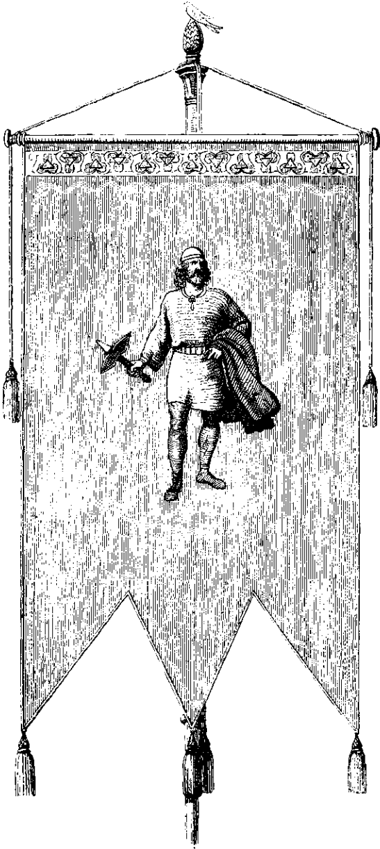
De norske Studenters fanen.

biste Sag, da var det denne Stund, da Danmarks Kvinder gennem sine Udsendinge vare forsamlede og overrakte Nordens Guder, som Mærker, til den forenede nordiske Ungdom, der her stoltedes om et skønnere Læresæde end noget Universitetslatheder med en docerende Professor. For hver af Fanerne blev der udtalt en hjertelig Tak, med det gjentagne Løfte, aldrig at svigte Banneret, selv naar det venter til Kamp for de danske Kvinders Land. De forskjellige Sangforeninger stemmede derefter i, den ene efter den anden; men Upsalensernes mesterlige "Fansang" af Wennerberg: Stå stark, du ljusets riddervakt! - forbrunkede dog Alt, ja maaskee enhver Sang, der kom til at lyde under hele Mødet.
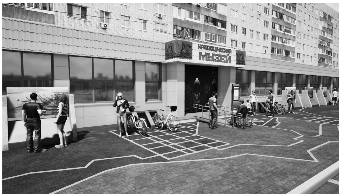
■ Тольяттинский краеведческий музей мечтает о своём бульваре

Цветущий музейный бульвар может появиться в ближайшем будущем вдоль фасада Тольяттинского краеведческого музея. Эскизный проект благоустройства этого пространства разработал центр урбанистики и стратегического развития территорий Тольяттинского госуниверситета (ТГУ). 21 апреля проект был представлен горожанам. Музейный бульвар может стать началом пути по воплощению давней тольяттинской мечты – созданию в городе музейного квартала.
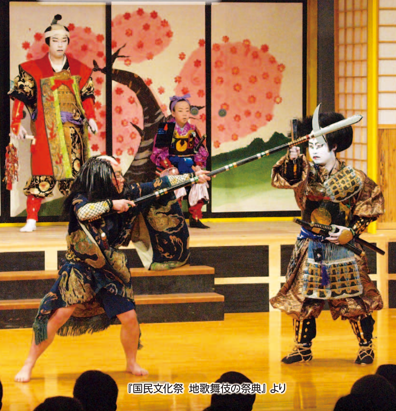
『国民文化祭 地歌舞伎の祭典』より
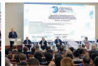
Международная конференция на тему «Central Asia: информационно-библиотечные ресурсы в науке, образовании, культуре и бизнесе» в Ургенче, 24–25 апреля 2019 года
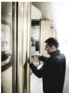
Bits med reducerad skaftdiameter
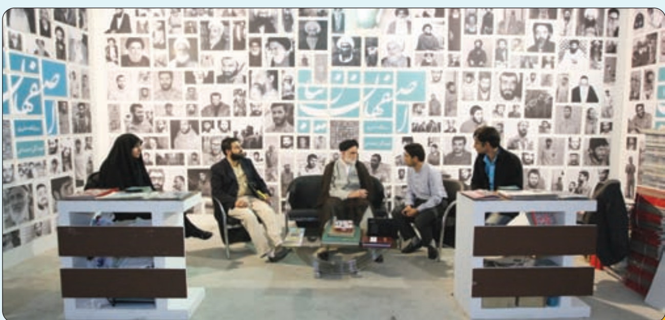
حضور پررنگ روزنامه اصفهان زیبا در نوزدهمین نمایشگاه بین المللی مطبوعات تهران
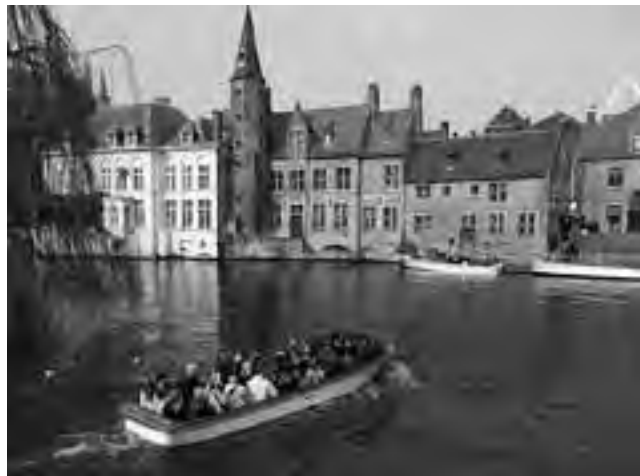
Tanto Brujas como Amsterdam, tienen en sus canales el mejor paseo turístico, donde se consiguen fotos magníficas de lugares imposibles de apreciar a pie.

Desde hace un mes y medio (ver REGION® N° 1.109 al 1.113) venimos publicando este informe de viaje que consta de 8 partes.
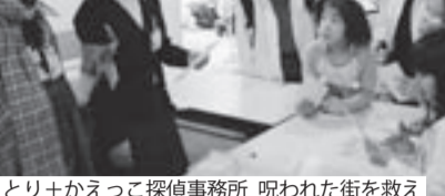
とり+かえって探偵事務所 呪われた街を救え
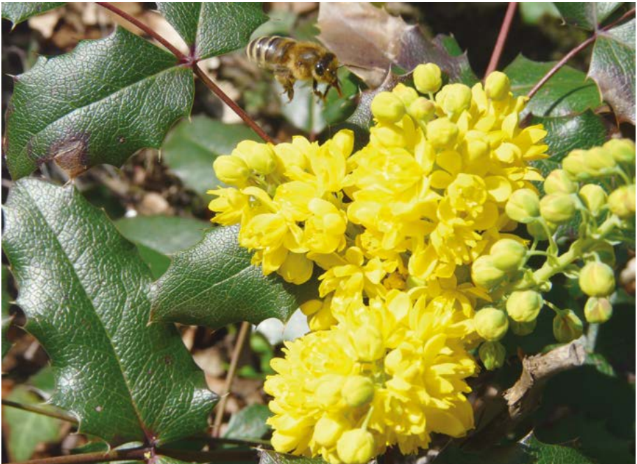
Abb. 15: Die Mahonie ( Mahonia aquifolium ) steht auf der Beobachtungsliste der Schwarzen Liste.
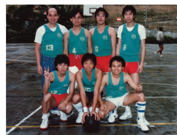
早年沐恩冠軍教師籃球隊
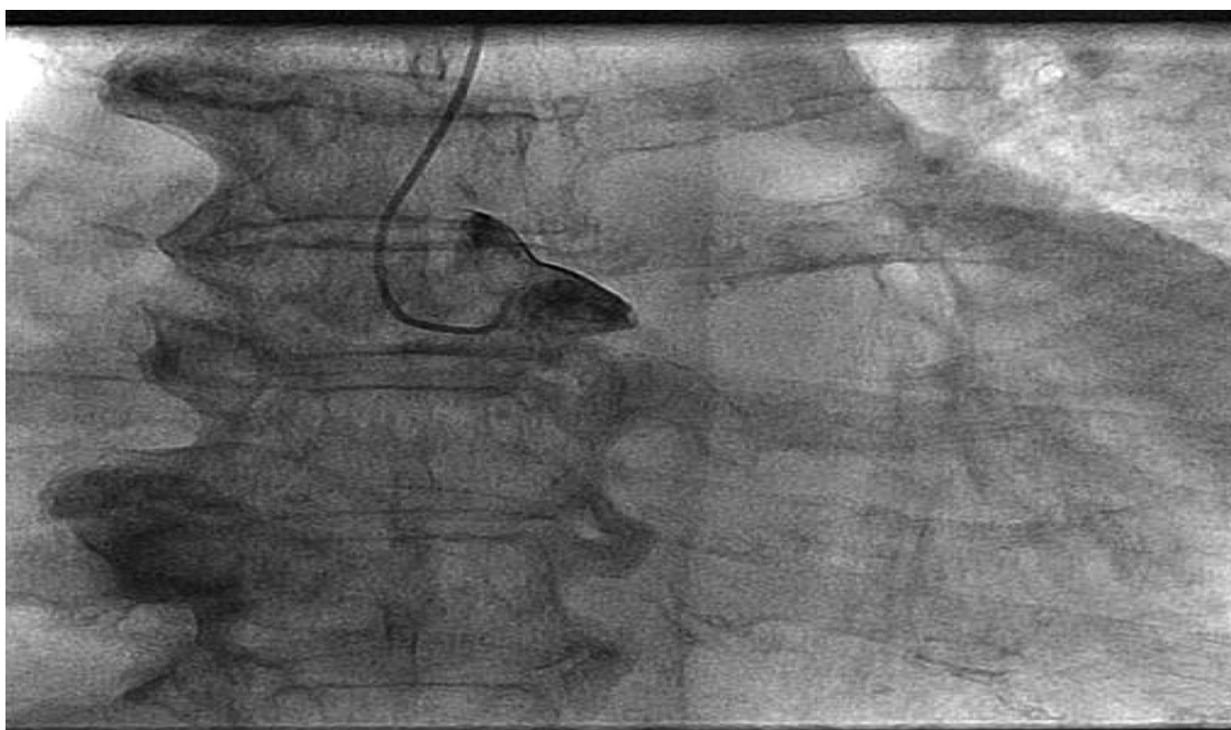
Figura 1. Angiografía con catéter JL3,5.

A continuación, se realizó el diagnóstico angiográfico con catéter JL 3,5 ( figura 1 ) no se logró cateterizar el ostium de la coronaria izquierda, por lo que se cambia por catéter JR4 para cateterizar el ostium de la coronaria derecha.
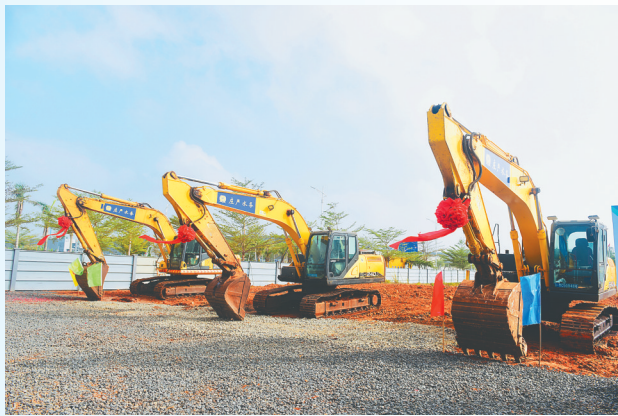
2月17日，澄迈县2025年第一批项目集中开工。

展望2025年，澄迈将继续运用“1443”工作法，以“五大攻坚战”推动“四个澄迈”(青年澄迈、文化澄迈、数智澄迈、幸福澄迈)建设，谋划实施一批打基础、增后劲、添活力、惠民生、补短板的高质量项目，并以更实举措持续推进重点项目建设落地见效，以项目建设之“进”支撑高质量发展之“稳”，为实现“五大攻坚战”不断蓄势赋能。(本报金江2月17日电)
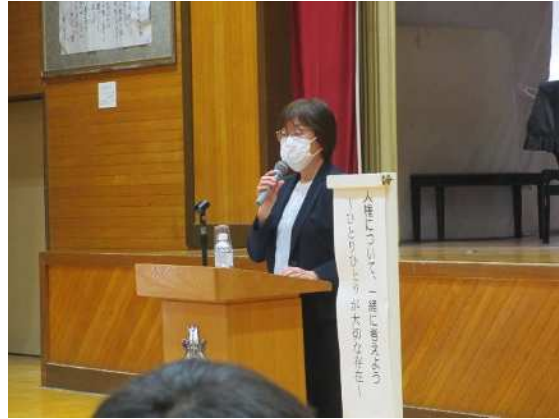
⑯中学生の人権教室(小合中学校) 5/25 「人権について、一緒に考えよう～ひとりひとりが大切な存在～」 自分が大切にされるべき存在であることや、その実現に向けた気持ちの持ち方などを講演しました。
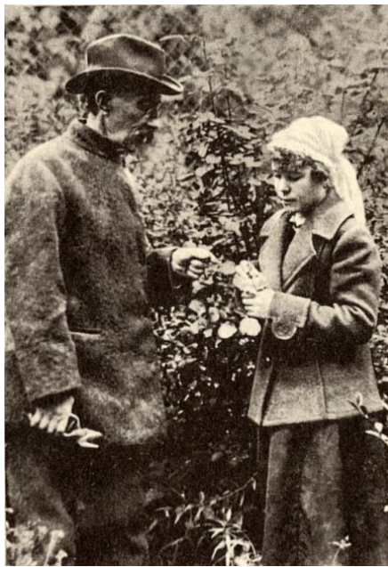
Мичурин И.В. с женой
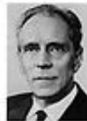
Леонид Брежнев 1906-1982
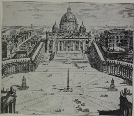
St. Peterskirche in Rom mit den Kolonnaden des Bernini.
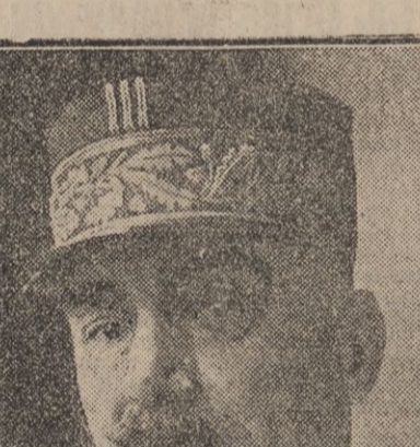
GENERAL GUILLEMIN, Directeur du Service aéronautique

L'inspiration humaine ne pouvait prévoir le nombre des moyens mis en action dans la bataille moderne. Les combats gigantesques qui se livrent chaque jour sont le résultat de tels efforts que l'on est tenté de croire à l'impossibilité d'un progrès de nouveaux points de vue des inventions.

■ ■ ■

**Exercise goal:** Write out, word for word, the lines running from the one containing "St. Peterskirche in" to the end of the data above; the pictures are to be left out.

**Answer to the problem:**
St. Peterskirche in Rom mit den Kolonnaden des Bernini.
GENERAL GUILLEMIN, Directeur du Service aéronautique

L'inspiration humaine ne pouvait prévoir le nombre des moyens mis en action dans la bataille moderne. Les combats gigantesques qui se livrent chaque jour sont le résultat de tels efforts que l'on est tenté de croire à l'impossibilité d'un progrès de nouveaux points de vue des inventions.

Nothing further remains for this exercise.